The Court of Appeal judgement issued on Friday, for status quo to be maintained in the case by the Federal Inland Revenue Service, FIRS, against the Governor Nyesom Wike-led Rivers State Government, has been interpreted to mean that the State Government is to continue to collect Value Added Tax, VAT, from all Oil companies and other businesses in the State, until any contrary judgement other than that of the Federal High Court, is given, .
This was made known by a Human Rights Lawyer and Senior Advocate of Nigeria, SAN, Mike Ozekhome.
Recall, that Justice Haruna Tsammani of the Court of Appeal in Abuja, had adjourned to September 16, to hear the application by the Lagos State Government in the said case, after applying to join in the suit, and asked all parties to “maintain status quo”.

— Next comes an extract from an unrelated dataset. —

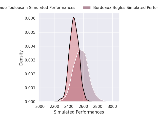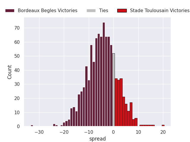Each club has a rating and a rating deviation (similar to a Glicko rating), and expected performances can be generated. This allows for simulated matches and spreads like the ones below.

Reacting, in his interpretation of “maintain status quo” as reportedly said by Justice Tsammani, Mike Ozekhome said: “Clearly, the status quo ante bellum was before the breakout of the hostilities.
“The hostilities broke out when the FIRS dragged the Rivers State Government to court, arguing that it cannot collect VAT based on its law. The said Law was already duly passed and made operational by Rivers State House of Assembly, that it has the constitutional competency under Section 4 of the Constitution to do so.
“The Federal High Court, Port Harcourt, Rivers State, had earlier held that it was the Rivers State Government that was competent to collect VAT, not the FIRS.
“The Law was already therefore in operation before the FIRS challenged the validity of a Federal High Court judgement, Port Harcourt, that had given the Rivers State Government the power to collect the VAT.
“So, the status quo is that it is the Rivers State Government that has the power to collect VAT, until perhaps, the Court of Appeal rules otherwise, and sets aside the Federal High Court judgement.”